INTRODUCTION
Confirming the diagnosis of asthma in children by demonstrating variable expiratory flow limitation, expressed by a significant bronchodilator response (SBDR) or the presence of bronchial hyperresponsiveness (BHR) to methacholine or exercise, avoids over and underdiagnosis(1–4). The finding of an SBDR in spirometry, defined as a bronchodilator change ≥ 12% in FEV1, confirms the diagnosis of asthma in a child with clinical suspicion, without the need for other studies (4).
The methacholine test (MT) measures BHR directly and has high sensitivity and low specificity for the diagnosis of asthma, which increases with lower PC20 (methacholine concentration that produces a 20% drop in FEV1) (2). A PC20 between 4 and 8 mg/dl is considered borderline, and below 4 mg/dl, the lower the PC20, the greater the possibility of diagnosing asthma in patients with clinical suspicion of this disease (5,6).
The exercise test (ET) is an indirect bronchial provocation test, which has low sensitivity and high specificity for the diagnosis of asthma. A positive ET is considered to be a drop in FEV1 ≥ 10% post-exercise (7).
Although SBDR in spirometry, a PC20 ≤ 2 mg/dl and a positive ET measure different pathophysiological aspects, all three indicate with high probability the presence of asthma (1,2,7).
In recent years, the value of FEF25-75 and forced expiratory flows have been questioned in the interpretation of spirometry, because flow values depend on the volume at which they are measured and have high variability (8).
Spirometry has low sensitivity for the diagnosis of asthma(9). Frequently, spirometry in children with suspected asthma is often normal, without SBDR in FEV1, but with SBDR in FEF25-75 (>30%), without a >5% change in FVC (which indicates that the curves pre and post bronchodilator were measured at similar volumes). This result, in a child with clinical suspicion of asthma, raises doubts in its interpretation, due to the publications that suggest that the FEF25-75 does not contribute to clinical decisions(8,10). Despite this, this parameter is still frequently used (11).
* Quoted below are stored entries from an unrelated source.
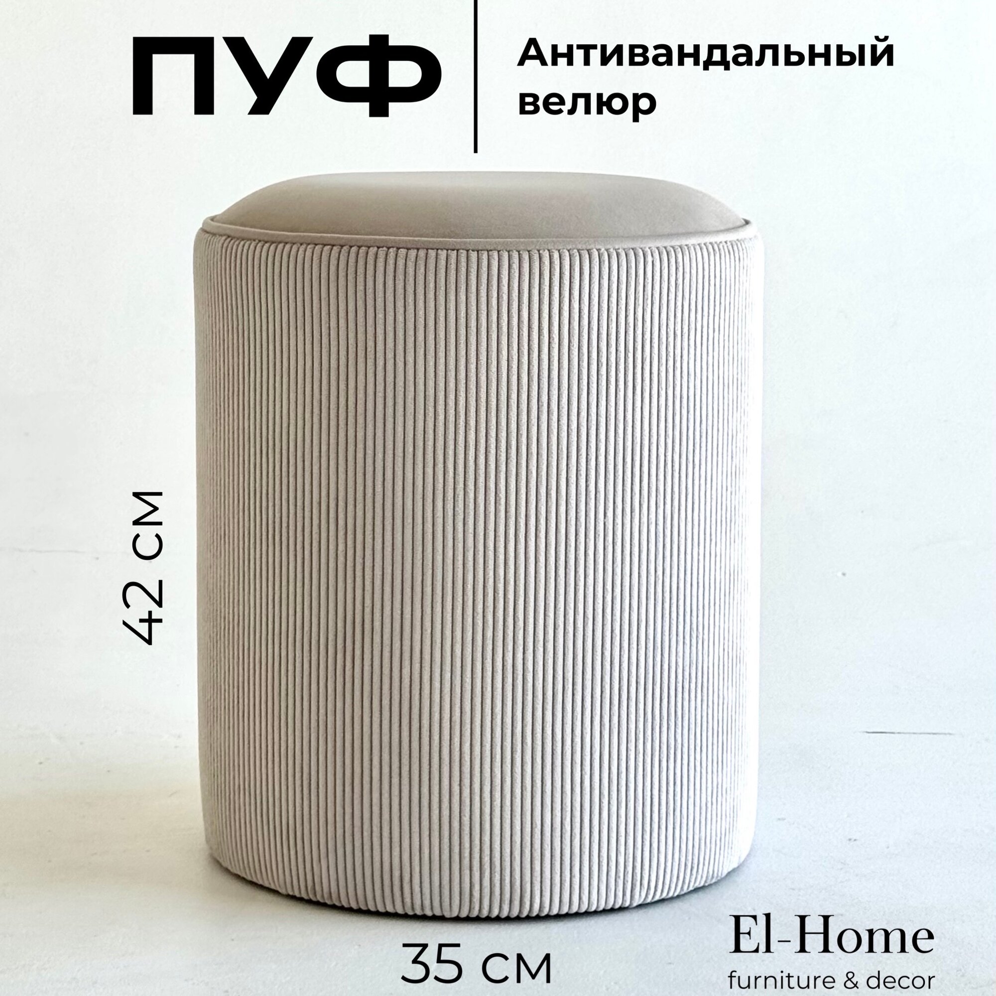 Пуф El-Home, велюр, круглый, 42х35х35см, антивандальная обивка, ножки, серо-бежевый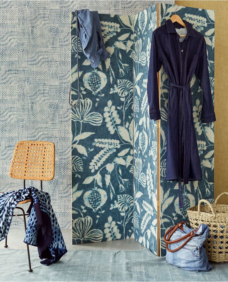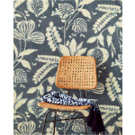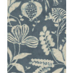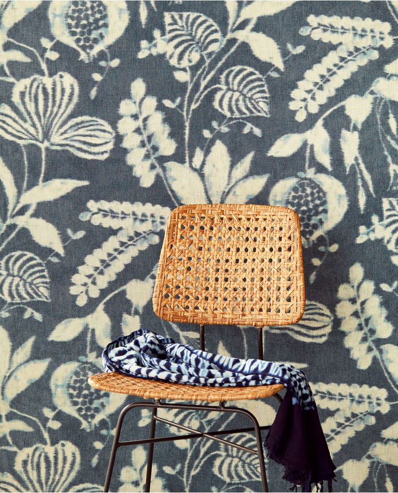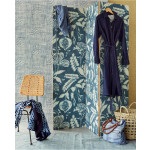 Donkerblauw vliesbehang met een linnenstructuur en beige bloemen en bladeren.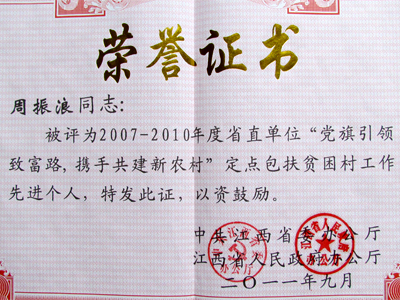 周振浪同志获2007—2010年度省直单位“党旗引领致富路,携手共建新农村”定点包扶贫困村工作先进个人。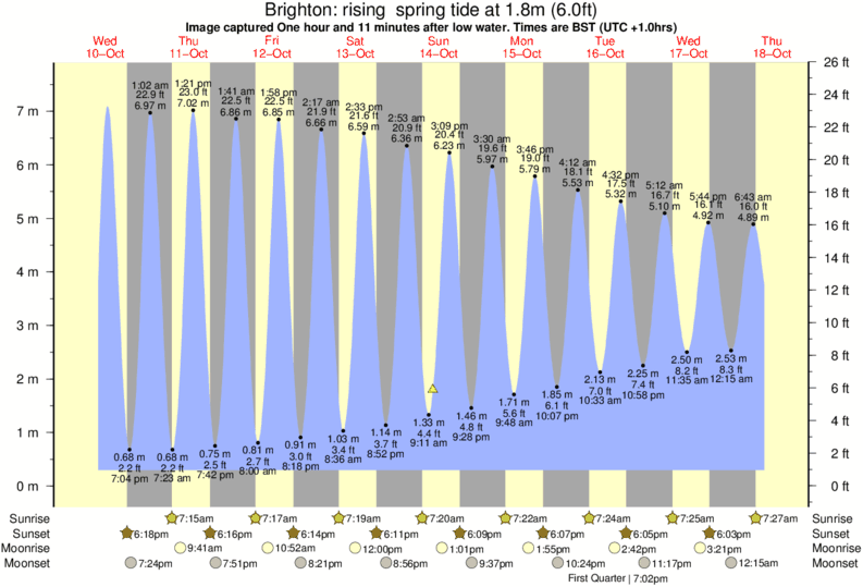 Image captured One hour and 11 minutes after low water (rising spring tide). Tide height was 1.8m (6.0 ft). Range 6.92m (22.7 ft). Toggle tide graph

We postulate that if the only SBDR in FEF25-75 in the spirometry, of children with suspected asthma, indicates a reversible obstruction of the airway that allows to certify the diagnosis, it will be more frequently associated with a BHR in the MT and/or ET than , in children with normal spirometry, without SBDR in FEF25-75.
Due to the fact that the evidence is not conclusive regarding the role of FEF25-75 for the evaluation of spirometry, this study aims to relate SBDR to FEF25-75, when FEV1 and FEV1/FVC are normal, with MT and/ET, in children aged 5 to 15 years with clinical suspicion of asthma.